## WHAT IS BEING ASKED
Below are records with pictures; copy word for word only the lines between the line with "今日の学校の様子です。校長先" and the line with "La final, a", inclusive, and drop the pictures.

## DATA UNDER STUDY
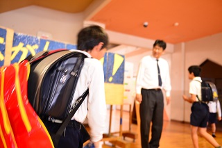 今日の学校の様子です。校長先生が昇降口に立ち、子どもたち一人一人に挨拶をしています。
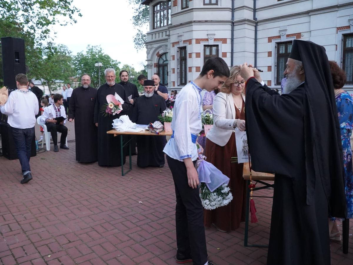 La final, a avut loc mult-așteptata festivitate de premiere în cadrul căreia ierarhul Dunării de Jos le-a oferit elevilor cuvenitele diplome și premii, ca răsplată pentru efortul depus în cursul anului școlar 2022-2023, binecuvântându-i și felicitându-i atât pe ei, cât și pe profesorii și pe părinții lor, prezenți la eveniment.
* * *
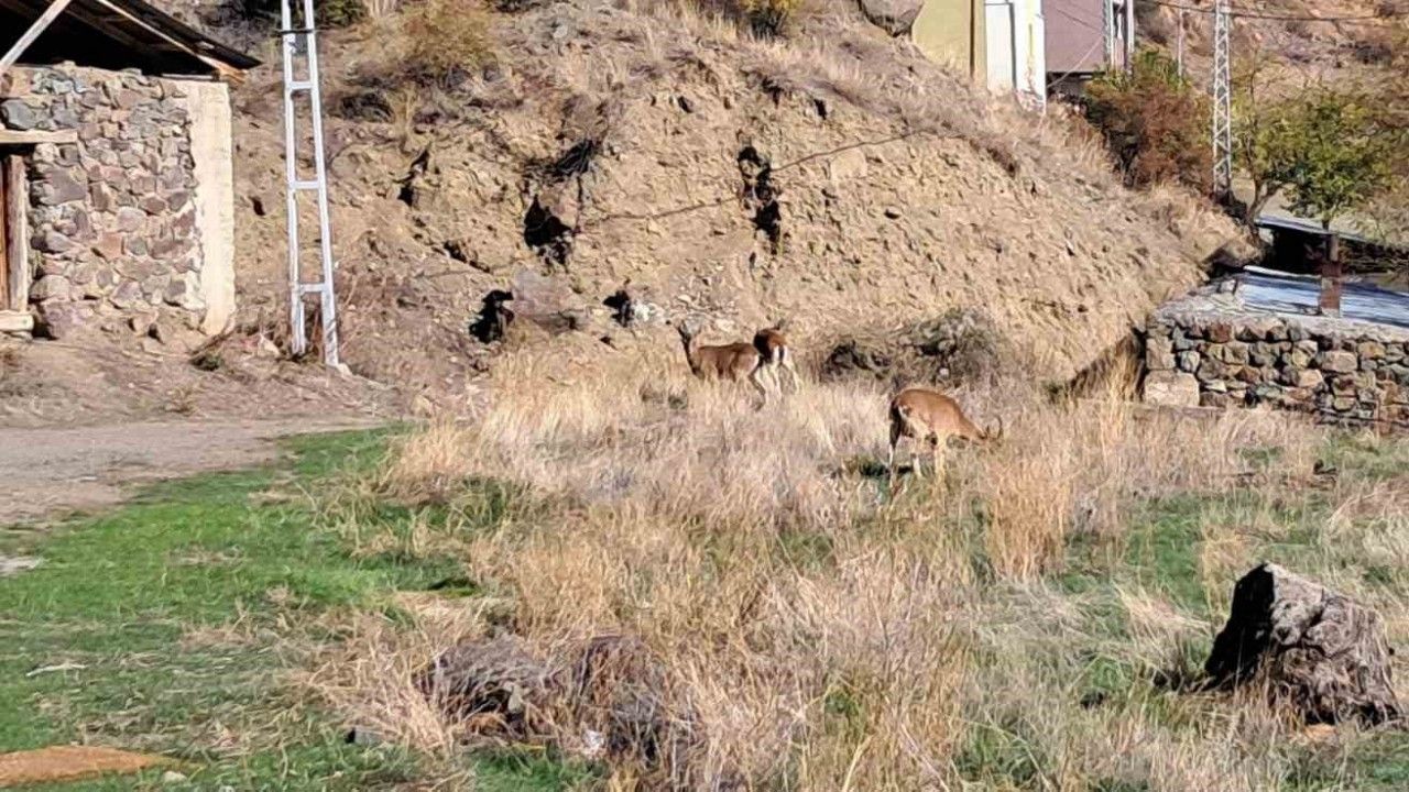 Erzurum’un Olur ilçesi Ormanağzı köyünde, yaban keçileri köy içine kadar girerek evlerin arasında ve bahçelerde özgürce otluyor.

## TASK RESPONSE
 今日の学校の様子です。校長先生が昇降口に立ち、子どもたち一人一人に挨拶をしています。
 La final, a avut loc mult-așteptata festivitate de premiere în cadrul căreia ierarhul Dunării de Jos le-a oferit elevilor cuvenitele diplome și premii, ca răsplată pentru efortul depus în cursul anului școlar 2022-2023, binecuvântându-i și felicitându-i atât pe ei, cât și pe profesorii și pe părinții lor, prezenți la eveniment.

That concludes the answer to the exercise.